◆ INFORMATION PROVIDED
* * * * *

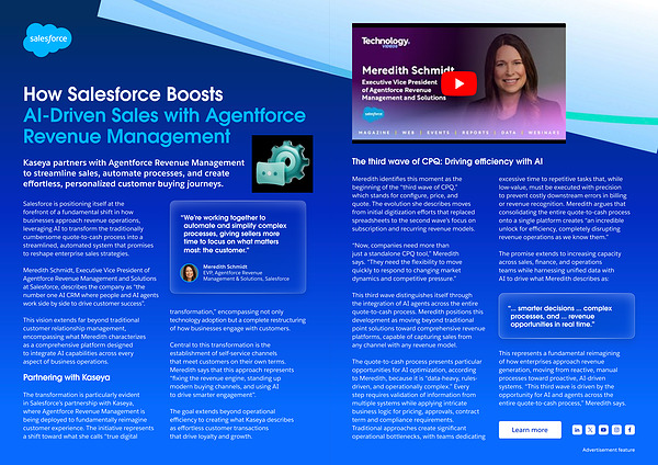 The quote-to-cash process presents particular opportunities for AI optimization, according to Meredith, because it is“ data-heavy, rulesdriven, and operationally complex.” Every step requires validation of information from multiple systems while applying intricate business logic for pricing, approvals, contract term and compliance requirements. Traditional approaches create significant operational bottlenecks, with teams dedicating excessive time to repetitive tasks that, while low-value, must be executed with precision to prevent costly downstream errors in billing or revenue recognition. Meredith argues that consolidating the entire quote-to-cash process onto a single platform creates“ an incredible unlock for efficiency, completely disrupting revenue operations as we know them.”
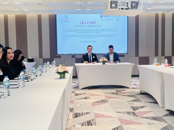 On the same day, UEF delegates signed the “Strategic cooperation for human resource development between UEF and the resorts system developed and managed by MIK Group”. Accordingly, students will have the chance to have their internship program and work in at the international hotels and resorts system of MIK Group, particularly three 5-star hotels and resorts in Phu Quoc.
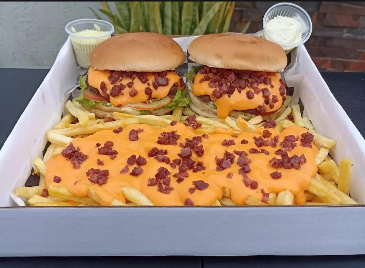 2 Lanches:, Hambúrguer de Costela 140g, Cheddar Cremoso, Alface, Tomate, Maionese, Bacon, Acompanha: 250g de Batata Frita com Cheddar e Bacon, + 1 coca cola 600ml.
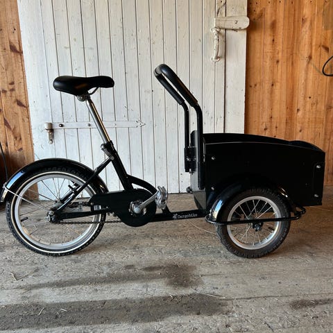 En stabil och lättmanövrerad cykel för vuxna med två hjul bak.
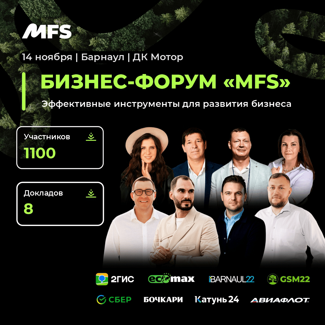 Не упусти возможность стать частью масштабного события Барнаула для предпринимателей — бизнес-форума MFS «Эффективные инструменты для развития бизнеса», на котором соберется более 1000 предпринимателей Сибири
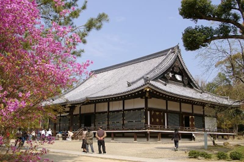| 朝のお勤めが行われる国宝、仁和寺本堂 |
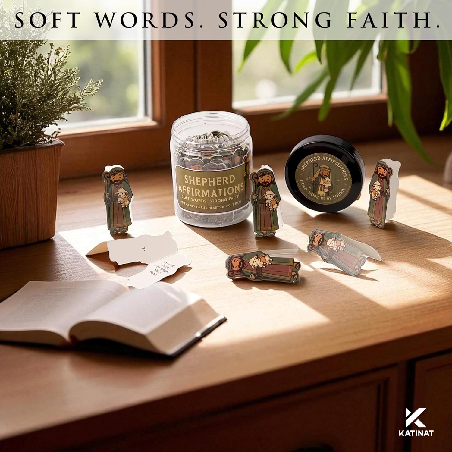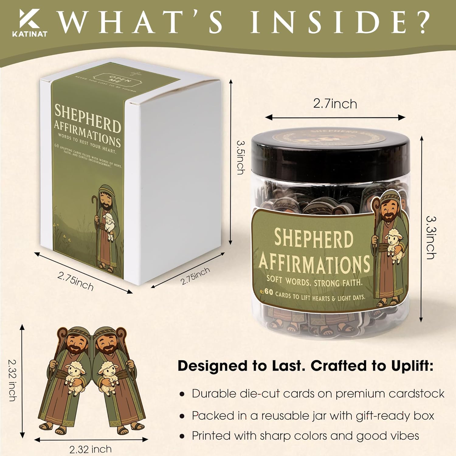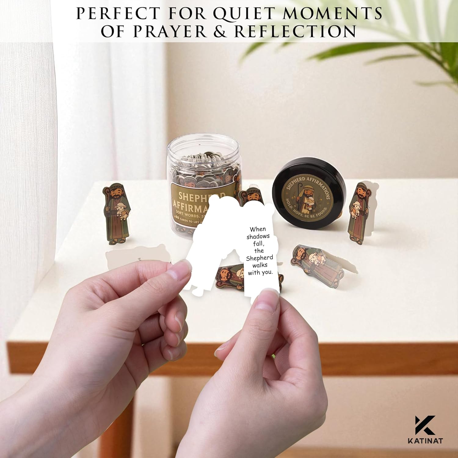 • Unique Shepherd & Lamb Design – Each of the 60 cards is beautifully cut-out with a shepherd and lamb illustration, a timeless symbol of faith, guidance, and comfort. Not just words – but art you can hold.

* * * * *

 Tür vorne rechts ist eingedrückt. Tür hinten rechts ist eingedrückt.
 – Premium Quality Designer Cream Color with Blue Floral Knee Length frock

* * * * *

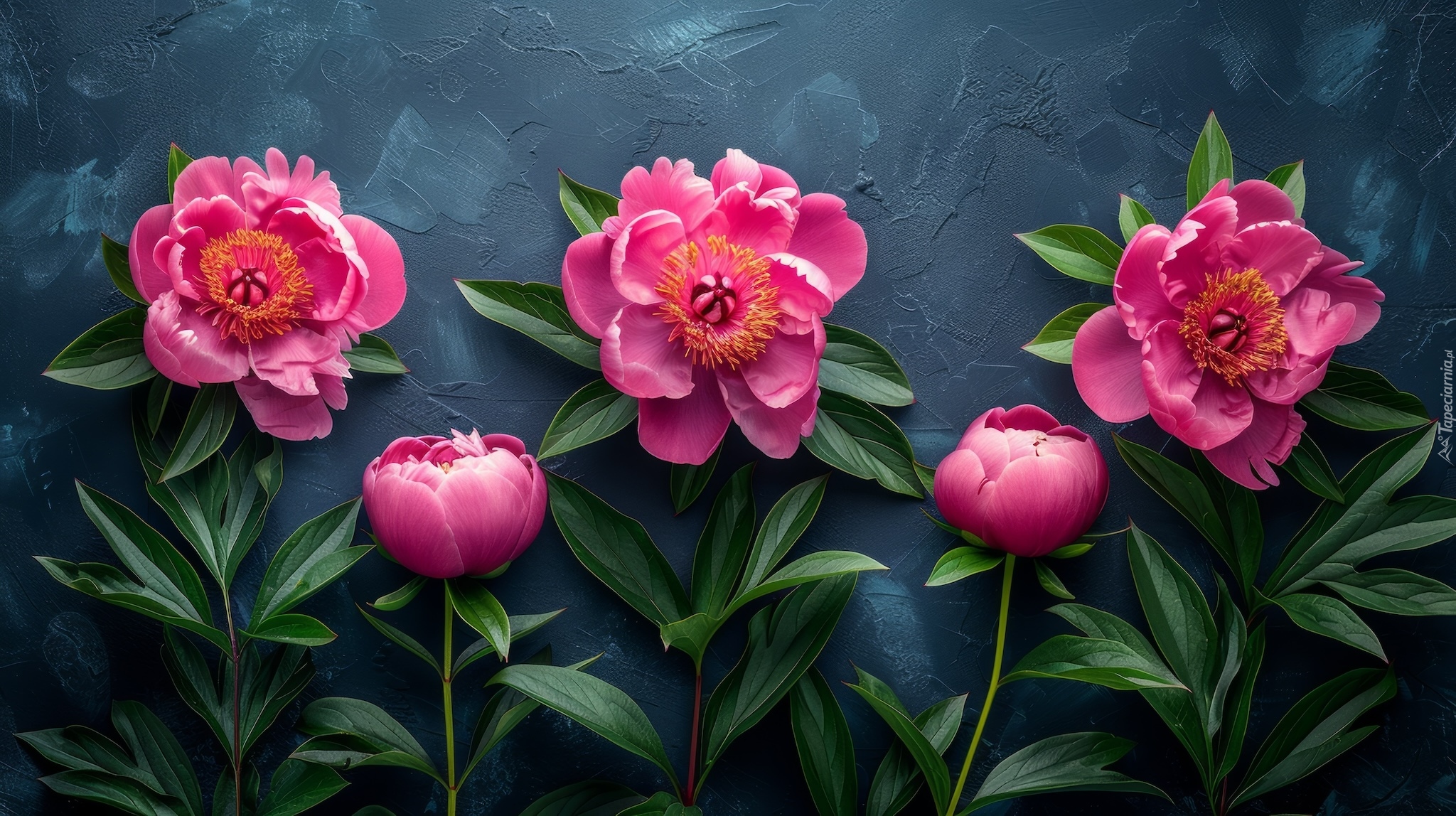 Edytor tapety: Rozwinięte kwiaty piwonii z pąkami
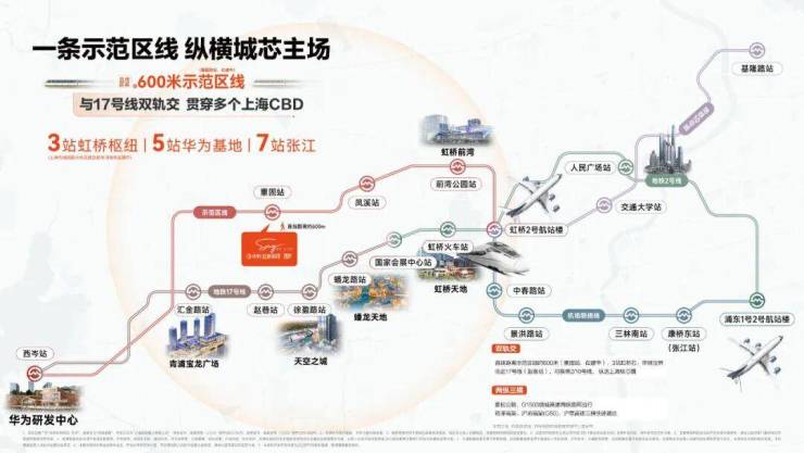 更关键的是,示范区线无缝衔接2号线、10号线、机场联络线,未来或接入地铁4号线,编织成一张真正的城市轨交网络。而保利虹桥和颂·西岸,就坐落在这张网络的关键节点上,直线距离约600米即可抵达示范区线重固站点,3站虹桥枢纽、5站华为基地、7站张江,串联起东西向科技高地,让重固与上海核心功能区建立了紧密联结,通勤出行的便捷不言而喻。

* * * * *

Reproduce, word for word and in full, only the lines above that start at the line with "Tür vorne rechts" and run through the line with "Knee Length frock", both ends included.

◆ EXERCISE ANSWER
 Tür vorne rechts ist eingedrückt. Tür hinten rechts ist eingedrückt.
 – Premium Quality Designer Cream Color with Blue Floral Knee Length frock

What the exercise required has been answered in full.